#### Aim of the exercise:
Skip the images and print the listing exactly.

#### Data below:
.....

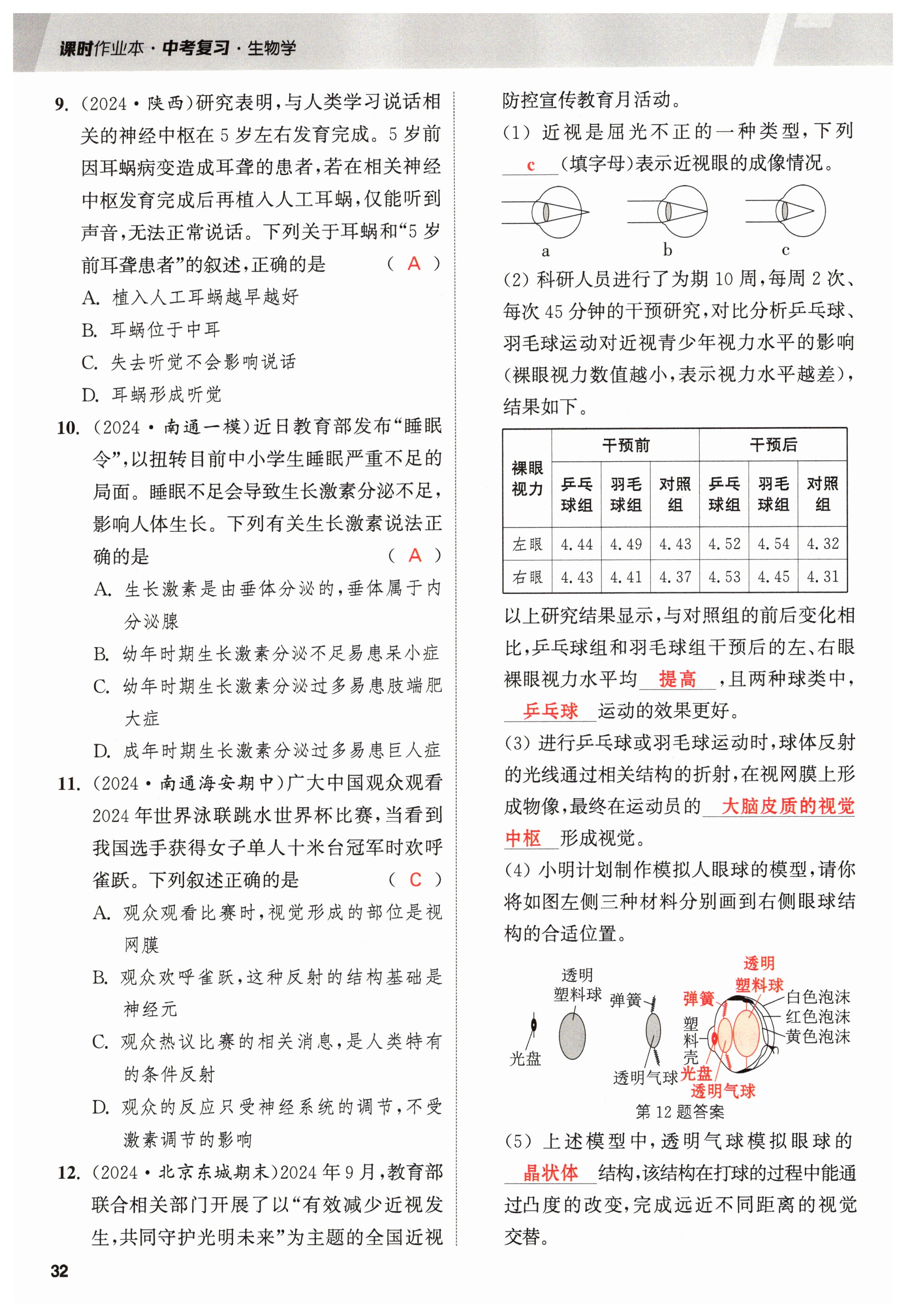 注:目前有些书本章节名称可能整理的还不是很完善,但都是按照顺序排列的,请同学们按照顺序仔细查找。练习册 2025年课时作业本中考复习生物 答案主要是用来给同学们做完题方便对答案用的,请勿直接抄袭。
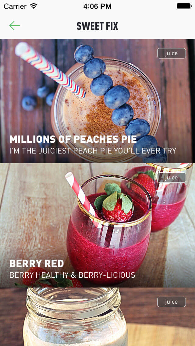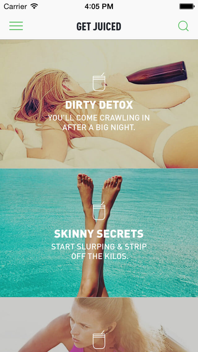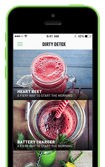 Select from 6 categories based on your desired results. Dirty Detox, Skinny Secrets, Fiery Boost, Babe Beauty, Sweet Fix, Health Kick
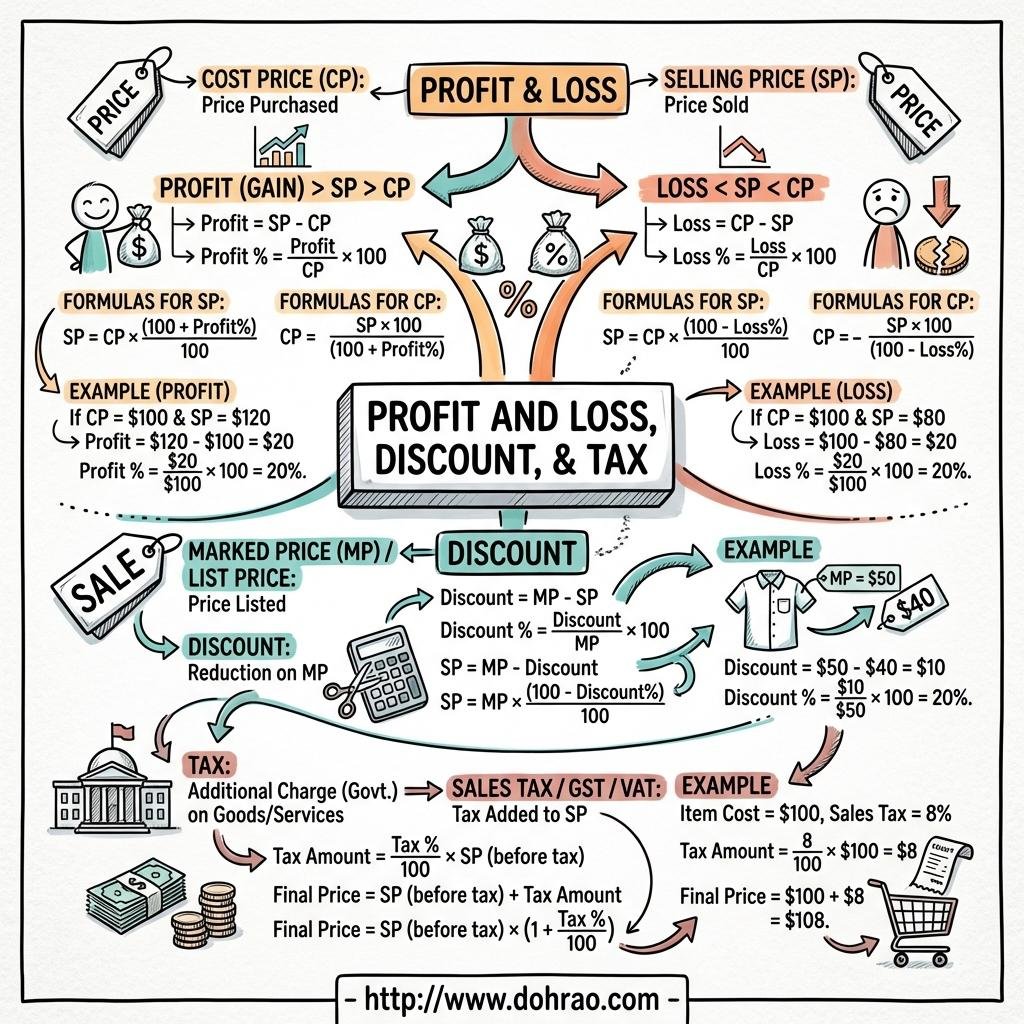 - Crucial Rule: Both Profit percentage and Loss percentage are always calculated on the Cost Price (C.P.).

.....

#### Answer area:
 注:目前有些书本章节名称可能整理的还不是很完善,但都是按照顺序排列的,请同学们按照顺序仔细查找。练习册 2025年课时作业本中考复习生物 答案主要是用来给同学们做完题方便对答案用的,请勿直接抄袭。
 Select from 6 categories based on your desired results. Dirty Detox, Skinny Secrets, Fiery Boost, Babe Beauty, Sweet Fix, Health Kick
 - Crucial Rule: Both Profit percentage and Loss percentage are always calculated on the Cost Price (C.P.).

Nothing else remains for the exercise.